# Spove's Online Campaign



## cthuluftaghn (Jul 23, 2002)

The DM Spove has started an online campaign using my message board from my website.

You can follow the action, as it happens!

Click on the title below, then follow the link to....

SPOVE'S ONLINE CAMPAIGN


----------



## Jodo Kast (Jul 26, 2002)

Cthulu and I are playing in a message board game run by the most excellent DM Spove.  I think it would make for an interesting Story Hour.  Cthulu, may I suggest that Spove do a weekly story hour update?  Or perhaps he can assign the task to his players (us), and we can alternate update duties, writing from our character's point of view?


----------



## Malessa (Jul 27, 2002)

DM Cthulu... too lazy to log Malessa out and log back in as myself...

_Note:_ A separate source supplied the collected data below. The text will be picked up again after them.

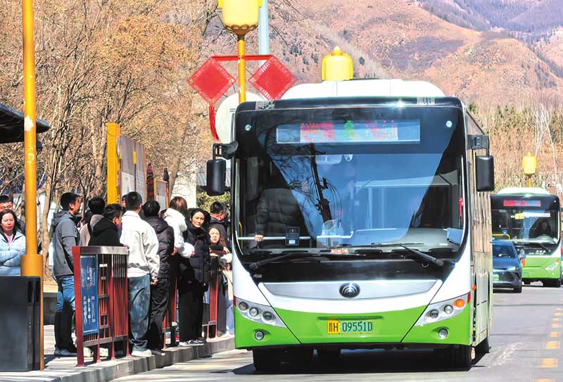 五臺山景區(qū)公交便捷惠民,核心區(qū)域?qū)嵭忻赓M乘坐,班次密集、覆蓋全域,為自由行游客出行保駕護航。圖為游客正在有序乘車。(
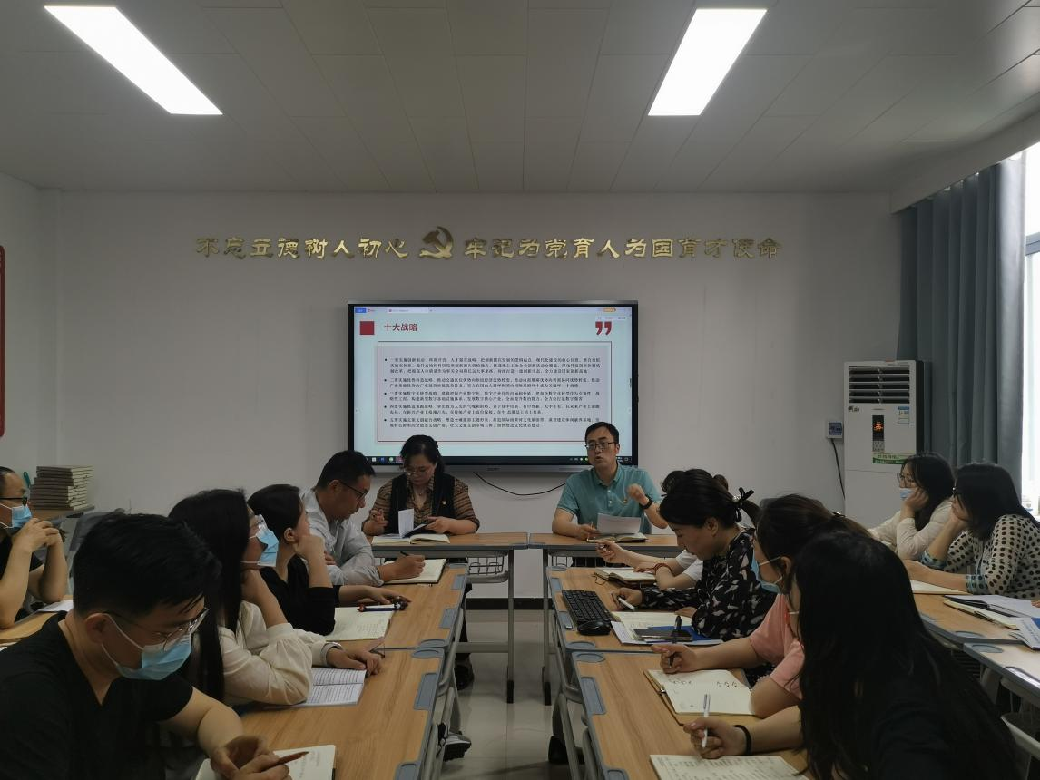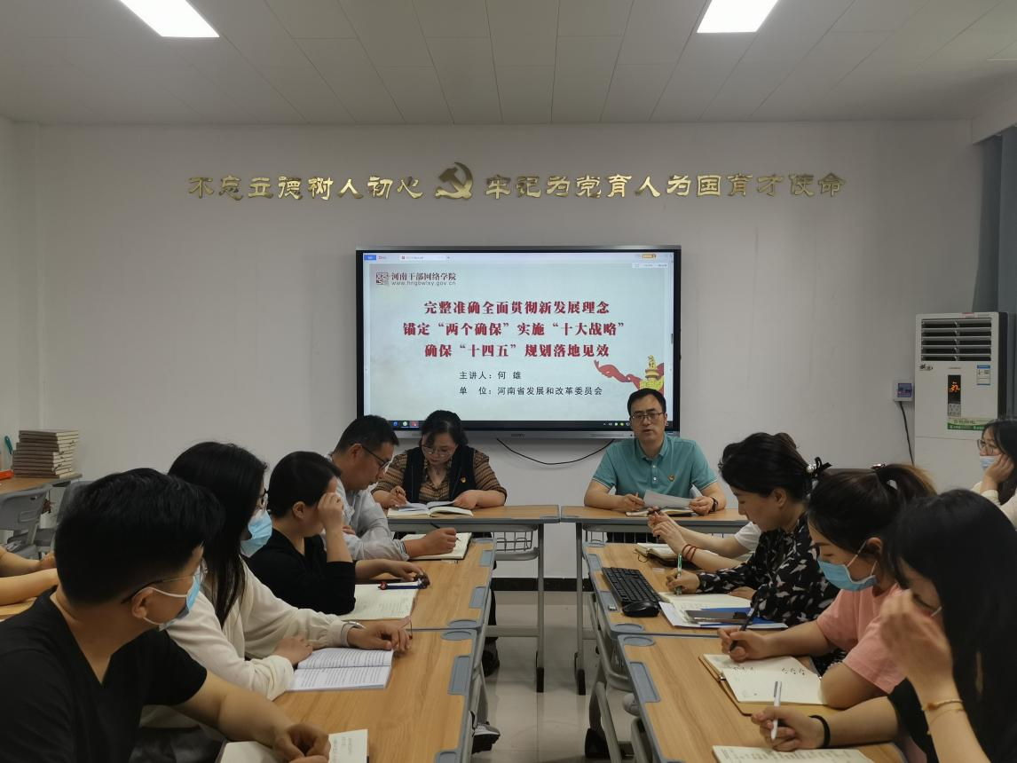 为进一步提升党员教师政治素养、政治站位,落实学校《关于组织党员进党校学习“十大战略”的通知》要求,2022年4月26日下午,米乐mile官方网站党总支在A505组织开展开展“十大战略”专题学习,集中观看河南干部网络学院直播课《完整准确全面贯彻新发展理念锚定“两个确保”实施“十大战略”确保“十四五”规划落地见效》,由郑州市委副书记何雄主讲。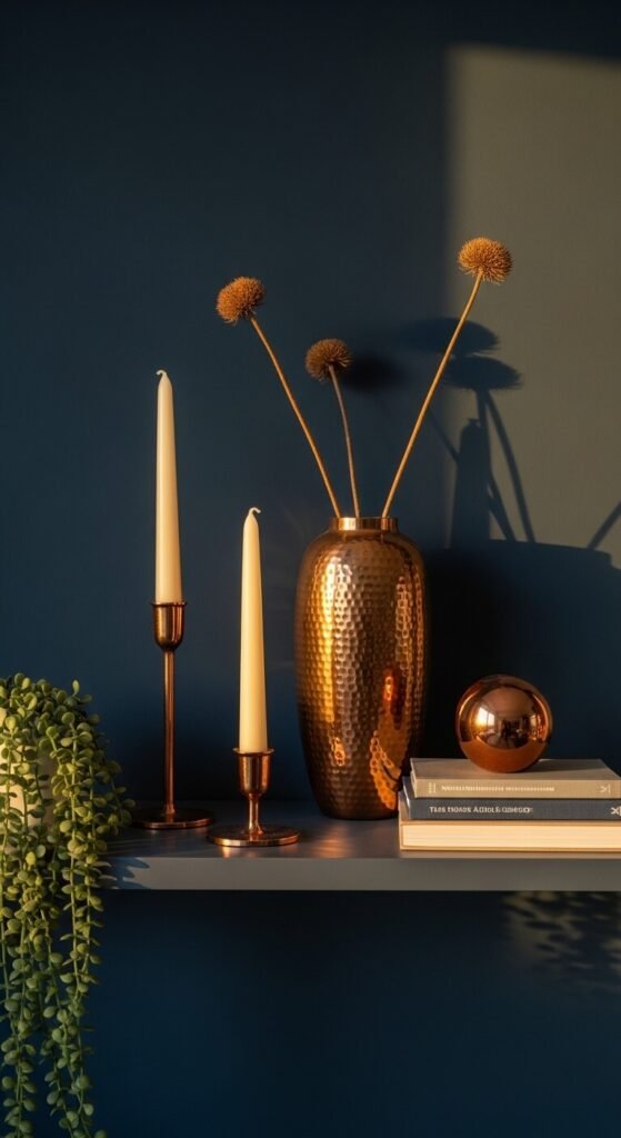 - Copper geometric sculptures or abstract objects — these add personality and visual interest to a shelf or table without requiring a specific function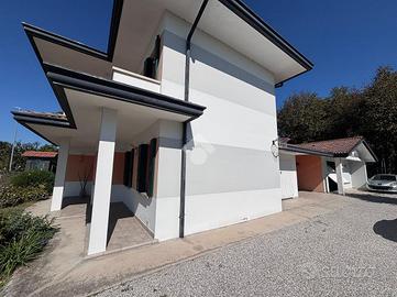 Camponogara: in prossimità del centro paese, comoda a tutti i servizi, villa singola di ampie metrature con giardino. L'immobile, sviluppato su due livelli, con accesso dal portico, si compone di ampio ingresso con soggiorno separato dalla cucina abitabile e disimpegno che conduce alla centrale termica e al bagno finestrato con doccia. Le scale conducono al primo piano che presenta tre camere da letto, due delle quali matrimoniali e una camera singola con accesso a un terrazzo, un ripostiglio e il secondo bagno finestrato con vasca. A completare il piano, ulteriore terrazzo di generose metrature. La soluzione presenta garage doppio di 30 mq e, in corpo staccato, magazzino di 120 mq con adiacente terreno edificabile.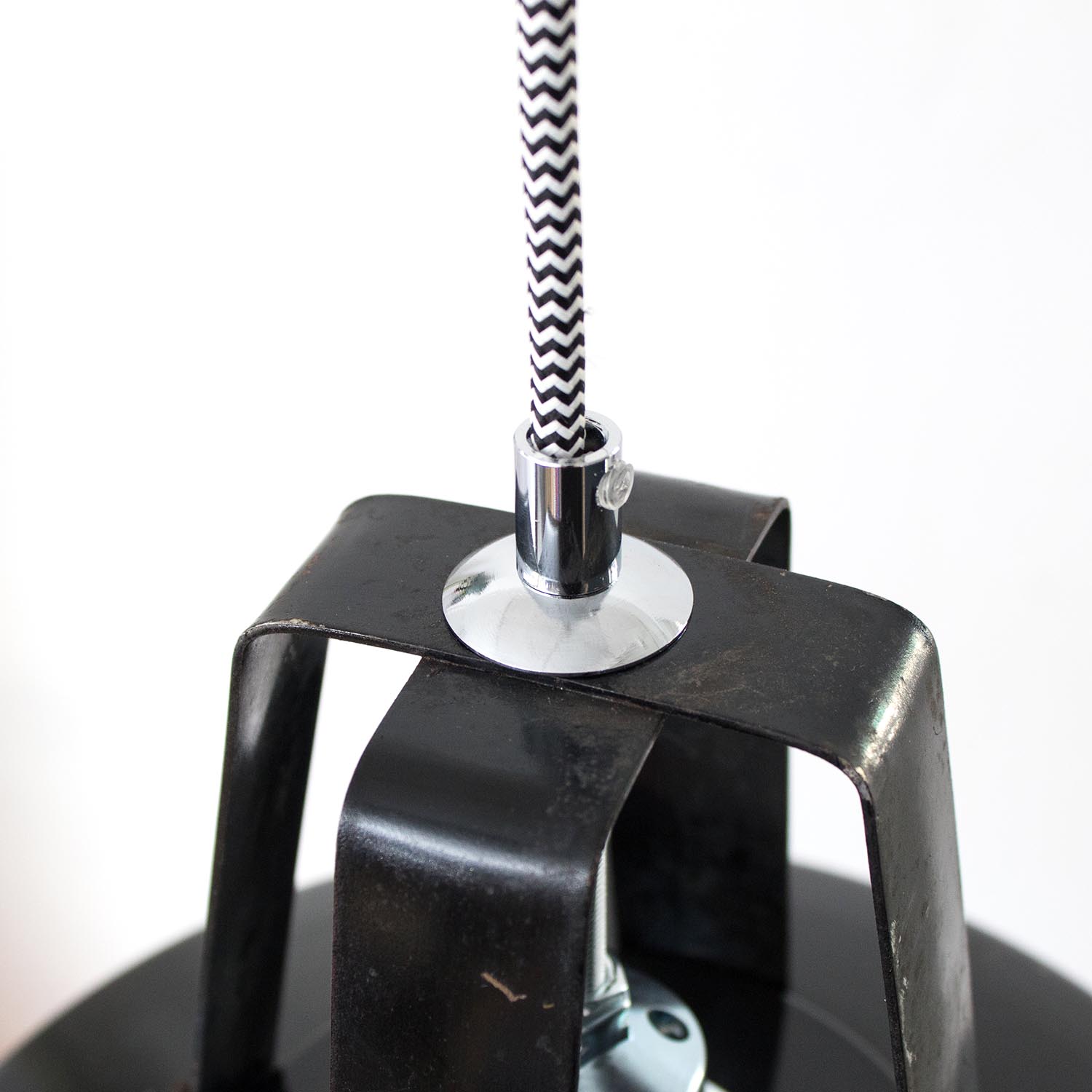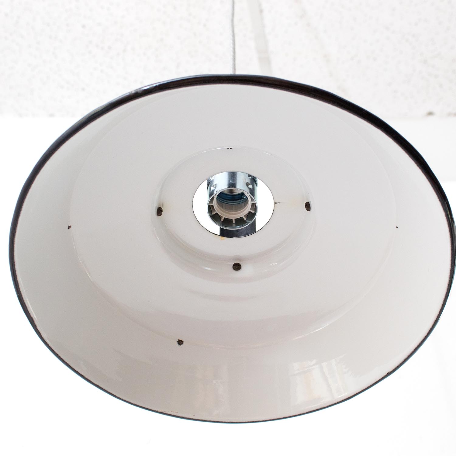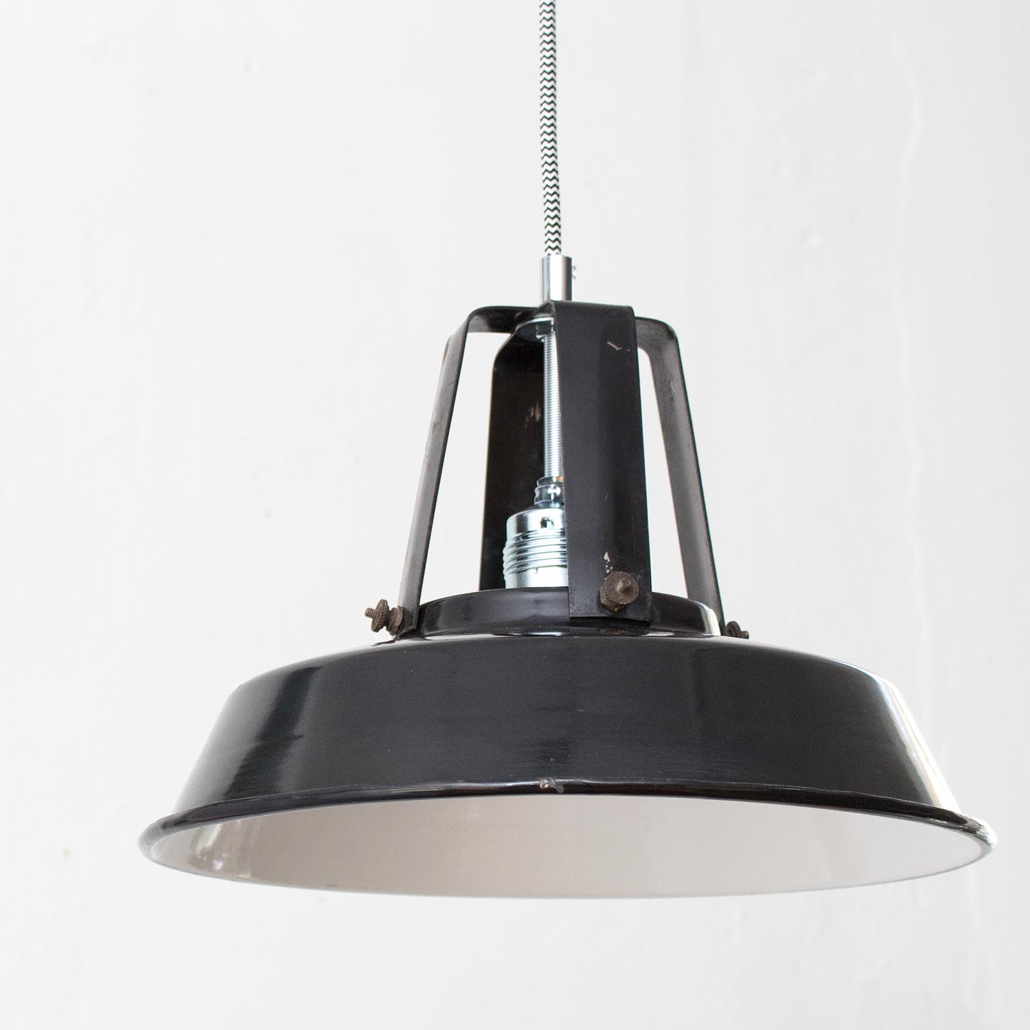 Diese Lampen wurden ursprünglich zur Beleuchtung von Montagehallen und Werkstätten konzipiert, so sorgten Sie ursprünglich für eine gleichmäßige Ausleuchtung von Arbeitsbereichen. Durch die weiße Emaillierung im inneren der Leuchte wird dieser Effekt nochmals verstärkt. Jeder Lampenschirm ist ein Unikat und weist eine unverwechselbare Patina auf.Patina: Sichtbare Spuren der ZeitMaterial: Emailliertes Metall Farbe: Außen Schwarz-Weiß gesprenkelt, Innen Weiß Herkunft/Alter: Frankreich, ca. 1930-1940Aufhängung: Direkt am KabelMaße: Ø 40 cm, Höhe 33 cm zzgl. ca. 2 cm Aufhängung Fassung: E27-Fassung** Textilkabel: Länge und Kabelfarbe nach deinen Wünschen. Im Grundpreis sind 1,2 Meter Textilkabel enthalten. Was haben wir mit deiner Lampe gemacht?Die Lampenschirme werden sorgfältig gereinigt, dabei wird die Patina so gut es geht erhalten. Anschließend werden die Leuchten komplett neu elektrifiziert, so dass sie den aktuellen Sicherheitsstandards entsprechen.Dein individuelles Licht mit GeschichteUm die Industrielampe zum individuellen Designstück zu machen, kannst du sie mit einem bunten Textilkabel nach deinen Vorstellungen gestalten. Wähle einfach ein Kabel aus und bestimme zusätzlich die ideale Länge des Kabels anhand deiner Gegebenheiten vor Ort. Im Grundpreis sind 1.2 m Kabel enthalten. Bei der Auswahl kannst du zwischen Längen bis 5 m wählen - auf direkte Nachfrage können wir auch ein deutlich längeres Kabel anbringen. Die Lampe richtig installierenUm die Elektroinstallation an der Decke zu verdecken kannst du entweder einen weißen oder schwarzen Baldachin aus Hartplastik (Ø 65 mm – Höhe 67 mm) wählen - dieser ist im Preis enthalten. Weitere Baldachine (z. B. Porzellan- oder Abzweig-Baldachine) sind im Shop verfügbar. In unserem Magazin findest du eine reihe hilfreicher Tipps, auch gerade dann wenn der Stromanschluss nicht an der Stelle ist, an dem die Lampe hängen soll.Wie kommt deine Lampe zu dir?Deine restaurierte JØLG Leuchte kommt fertig angeschlossen, nach deinen individuellen Vorgaben und inkl. einer Anleitung mit Tipps & Tricks, sicher und umweltfreundlich verpackt zu dir nach Hause. Wir versenden ausschließlich mit DHL GoGreen. Im Lieferumfang sind keine Leuchtmittel enthalten. Im Shop findest du aber eine passende Auswahl an LED-Leuchtmitteln. Achte hierbei auf die passende Größe des Lampensockels (E14 oder E27).Viel Freude und Inspiration beim Auswählen und Zusammenstellen deiner Lampe wünscht dir dein Team von JØLG.*Da es sich bei den Industrieleuchten um gebrauchte Antiquitäten handelt, unterliegen die Produkte gem. § 25a UStG der Differenzbesteuerung. Somit ist für diese Artikel kein gesonderter Umsatzsteuerausweis möglich.**Die Leuchte ist geeignet für Leuchtmittel aller Energieklassen. Glühlampen und Halogenlampen bis 60 Watt.

I shall suggest it to Spove.  Although, between DM'ing the RttToEE campaign and writing its story hour, playing in Spove's online campaign, playing in your core campaign, the few-and-far-between After Dinner Encounters, and school, work, husband and father... I think my "In Basket" is a bit overfull.


----------



## Jodo Kast (Aug 2, 2002)

I'll write it up from Bale's POV if Spove doesn't have the time.


----------



## threshel (Aug 9, 2002)

*Bump...and a compliment.*

I have been impressed with the excellent dialog and grasp of character.  No stereotypes here.
It's making me put extra effort into my rogue, who will hopefully join you soon.



J


----------



## Malessa (Aug 21, 2002)

Never know what to expect from you fella's, keep it up, makes good reading!!


----------



## Malessa (Aug 31, 2002)

Hey Jodo, DM CthuluFtaghn wants me to do a character sketch of Melden and Bale, when you all were in the dark alley.  Is there any requests or specifics I should know about Bale that you would like me to add to the sketch? Or would you rather I do your's seperate with the icky spiders, tee hee.....?


----------



## Jodo Kast (Aug 31, 2002)

I picture Bale as looking like the Noah Wyle guy from ER, when he had a beard.  I looked online real quick, and if you go to  http://hometown.aol.com/noahw26/pictures3.html and scroll to the bottom picture there is one with him and a beard.  Maybe that helps?


----------